During public consultations, the government was told the path over Westchester Mountain was higher, snowier, rainier, foggier and windier than what was then the existing Trans-Canada Highway through the Wentworth Valley – a highway that had seen more than 50 fatalities over a 10-year period.

Yet, the government went ahead with the project knowing twinning the highway through the valley was not an option and the so-called northern route, closer to Tatamagouche, would not have prevented vehicles from continuing to use the highway through Wentworth.

Since it first opened in 1997, the Cobequid Pass has been a safer highway with fewer fatalities simply because there is almost no risk of head-on collisions – something that was a frequent occurrence in the Wentworth Valley.

Saying that, the highway continues to be a source of frustration because of weather. Several times over the years since 1997 the highway has been closed and motorists stranded by bad weather. What’s interesting is that most of these sudden closures and strandings have occurred in November when the traveling public has yet to become acclimatized to winter weather and Transportation and Infrastructure Renewal’s winter crews have not been fully mobilized.

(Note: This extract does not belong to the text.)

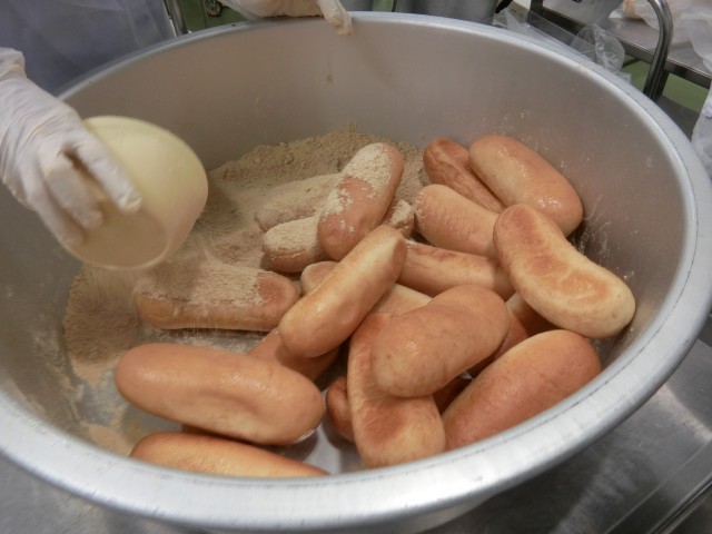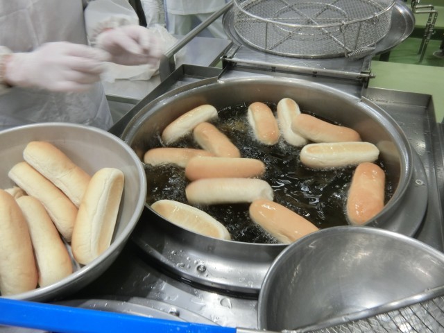 給食週間2日目です。子供たちは朝から献立表を見て、揚げパンやワンタンスープを楽しみにしていた様子でした。揚げパンは給食室で手作りしています。施設によっては揚げパンは手間がかかるので提供できないこともありますが、ひたちなか市では提供しています。朝、パン屋さんがコッペパンを届けてくださり、給食室で油で揚げます。この油もこだわりがあり、古い油では油についた匂いや味がパンに付着してしまうので、新しい油で揚げています。揚げ時間は数分で、パンは軽く浮いてしまうのでおもりで抑えて揚げます。揚げたパンは味が付くように熱いうちに、きなこと砂糖をまんべんなくまぶします。

The biggest of these was in 2008 when a sudden storm caused transport trucks to block the westbound lane of the highway and left motorists stranded on the highway – some for 12 to 14 hours.

At the time, the PC government of Rodney MacDonald and then transportation minister Murray Scott implemented a number of recommendations that were intended to ensure traffic would given lots of notice of hazards ahead and a plan was supposed to have been put in place to get motorists off the highway in a timely fashion.

Eleven years later and we are continuing to have problems on the highway. Last year, in 2018, a November storm left motorists stuck on the highway for a couple of hours. The same thing happened two years ago and yet again, on Nov. 8 motorists were stuck on the Cobequid Pass for several hours because of poor road conditions.

Transportation and Infrastructure Renewal says it has made changes to quickly get traffic off the highway when crashes or road conditions block vehicles. It says warning signs at boths ends of the highway have been repaired so motorists should get plenty of notice before entering the tolled section of the highway. But, yet, we still have these issues early November.

Fortunately, these incidents have not led to tragedy and the only thing that has been frayed during these conditions has been nerves. However, as one motorist pointed out, government cannot continue kicking the can down the road and must make changes so there is effective communication between TIR, the highway corporation, RCMP and EMO to close the highway in a more timely fashion to prevent any bottlenecks from developing and to get motorists off the highway as soon as possible.

Government says it is reviewing what took place on the Cobequid Pass during the most recent incident, and even though things may have improved greatly since 2008, it can’t hurt to make alterations and improvements before one of these November storms and closures causes a fatality. It’s better to ask questions before than to ask what happened after.